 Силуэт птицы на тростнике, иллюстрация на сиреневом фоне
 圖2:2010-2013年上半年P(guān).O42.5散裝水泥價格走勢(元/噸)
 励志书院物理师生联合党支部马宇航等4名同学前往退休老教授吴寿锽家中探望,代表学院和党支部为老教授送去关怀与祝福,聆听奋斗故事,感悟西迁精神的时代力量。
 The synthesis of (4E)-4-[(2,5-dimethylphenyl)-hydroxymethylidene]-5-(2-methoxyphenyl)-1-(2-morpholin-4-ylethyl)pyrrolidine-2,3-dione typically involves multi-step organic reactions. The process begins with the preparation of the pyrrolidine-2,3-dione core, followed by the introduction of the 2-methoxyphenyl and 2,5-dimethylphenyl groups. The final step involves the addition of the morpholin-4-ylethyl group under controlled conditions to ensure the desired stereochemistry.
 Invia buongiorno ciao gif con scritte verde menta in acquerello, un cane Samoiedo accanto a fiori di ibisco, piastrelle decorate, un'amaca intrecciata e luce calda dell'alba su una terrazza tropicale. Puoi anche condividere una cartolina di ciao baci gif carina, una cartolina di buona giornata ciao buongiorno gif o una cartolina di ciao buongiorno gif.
□ □ □ □ □
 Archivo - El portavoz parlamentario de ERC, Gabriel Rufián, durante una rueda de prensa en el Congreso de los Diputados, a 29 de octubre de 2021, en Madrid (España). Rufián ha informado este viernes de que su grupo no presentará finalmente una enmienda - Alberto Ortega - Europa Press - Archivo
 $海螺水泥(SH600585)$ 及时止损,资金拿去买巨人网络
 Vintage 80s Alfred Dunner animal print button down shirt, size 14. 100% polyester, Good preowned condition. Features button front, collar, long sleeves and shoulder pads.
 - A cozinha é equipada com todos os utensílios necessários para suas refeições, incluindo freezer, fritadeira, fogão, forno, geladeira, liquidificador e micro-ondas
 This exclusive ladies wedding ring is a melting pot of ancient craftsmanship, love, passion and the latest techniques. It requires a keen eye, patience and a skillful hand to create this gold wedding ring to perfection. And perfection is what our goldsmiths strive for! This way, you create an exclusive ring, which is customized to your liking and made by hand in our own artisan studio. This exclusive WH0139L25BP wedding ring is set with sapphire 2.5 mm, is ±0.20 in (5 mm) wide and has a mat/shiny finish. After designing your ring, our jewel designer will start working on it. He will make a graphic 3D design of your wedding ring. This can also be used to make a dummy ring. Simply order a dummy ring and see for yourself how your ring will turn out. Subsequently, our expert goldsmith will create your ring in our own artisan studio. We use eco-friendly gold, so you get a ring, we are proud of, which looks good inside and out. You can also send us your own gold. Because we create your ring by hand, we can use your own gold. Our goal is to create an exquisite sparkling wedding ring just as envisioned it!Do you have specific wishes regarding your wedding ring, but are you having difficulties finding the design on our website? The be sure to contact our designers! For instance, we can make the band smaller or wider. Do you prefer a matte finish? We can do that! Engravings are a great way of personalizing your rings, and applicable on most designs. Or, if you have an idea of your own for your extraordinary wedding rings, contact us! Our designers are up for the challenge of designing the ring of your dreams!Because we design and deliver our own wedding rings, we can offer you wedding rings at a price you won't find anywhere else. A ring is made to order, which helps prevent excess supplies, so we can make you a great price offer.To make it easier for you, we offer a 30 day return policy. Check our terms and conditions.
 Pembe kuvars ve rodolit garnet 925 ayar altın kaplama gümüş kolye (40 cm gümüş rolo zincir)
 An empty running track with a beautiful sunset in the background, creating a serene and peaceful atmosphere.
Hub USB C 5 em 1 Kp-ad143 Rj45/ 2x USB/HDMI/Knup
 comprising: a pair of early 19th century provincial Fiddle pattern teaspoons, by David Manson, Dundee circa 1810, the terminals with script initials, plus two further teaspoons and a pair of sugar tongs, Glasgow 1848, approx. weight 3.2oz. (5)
□ □ □ □ □
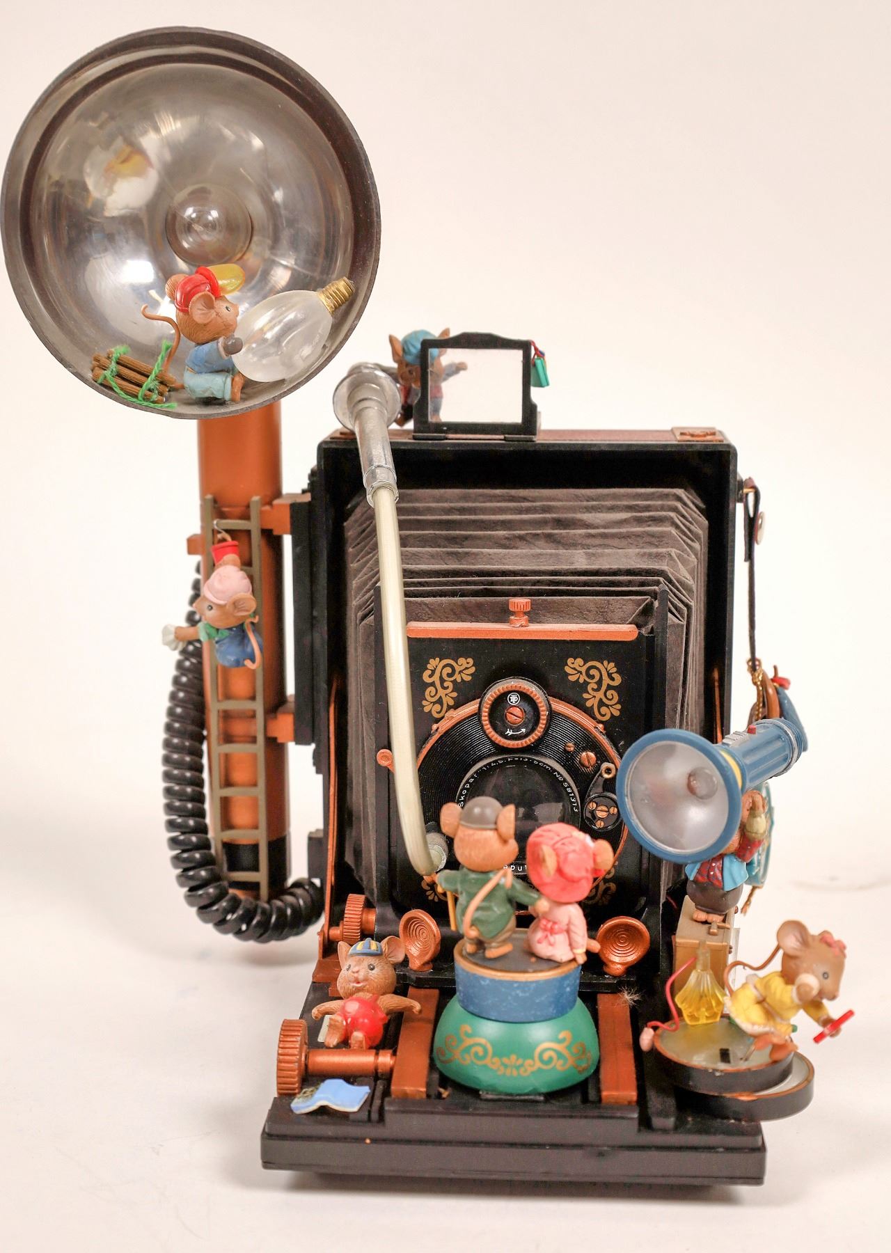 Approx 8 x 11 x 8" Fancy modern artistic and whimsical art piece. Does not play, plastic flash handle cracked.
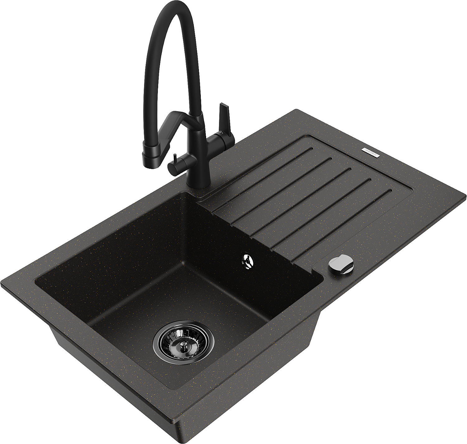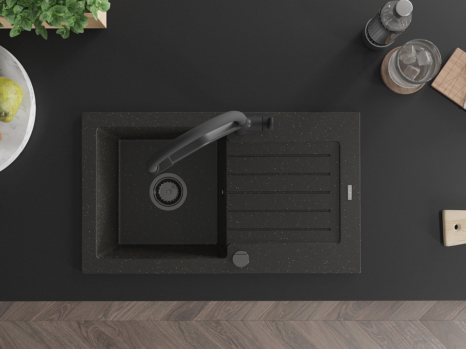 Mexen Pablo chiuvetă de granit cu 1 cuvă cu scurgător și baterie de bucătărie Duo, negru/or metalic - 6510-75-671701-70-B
□ □ □ □ □
What you need to do: In the entries above, find the line holding "Силуэт птицы на" and the line holding "Invia buongiorno ciao"; print both of them and every line between, exactly, and nothing else.

Answer space:
 Силуэт птицы на тростнике, иллюстрация на сиреневом фоне
 圖2:2010-2013年上半年P(guān).O42.5散裝水泥價格走勢(元/噸)
 励志书院物理师生联合党支部马宇航等4名同学前往退休老教授吴寿锽家中探望,代表学院和党支部为老教授送去关怀与祝福,聆听奋斗故事,感悟西迁精神的时代力量。
 The synthesis of (4E)-4-[(2,5-dimethylphenyl)-hydroxymethylidene]-5-(2-methoxyphenyl)-1-(2-morpholin-4-ylethyl)pyrrolidine-2,3-dione typically involves multi-step organic reactions. The process begins with the preparation of the pyrrolidine-2,3-dione core, followed by the introduction of the 2-methoxyphenyl and 2,5-dimethylphenyl groups. The final step involves the addition of the morpholin-4-ylethyl group under controlled conditions to ensure the desired stereochemistry.
 Invia buongiorno ciao gif con scritte verde menta in acquerello, un cane Samoiedo accanto a fiori di ibisco, piastrelle decorate, un'amaca intrecciata e luce calda dell'alba su una terrazza tropicale. Puoi anche condividere una cartolina di ciao baci gif carina, una cartolina di buona giornata ciao buongiorno gif o una cartolina di ciao buongiorno gif.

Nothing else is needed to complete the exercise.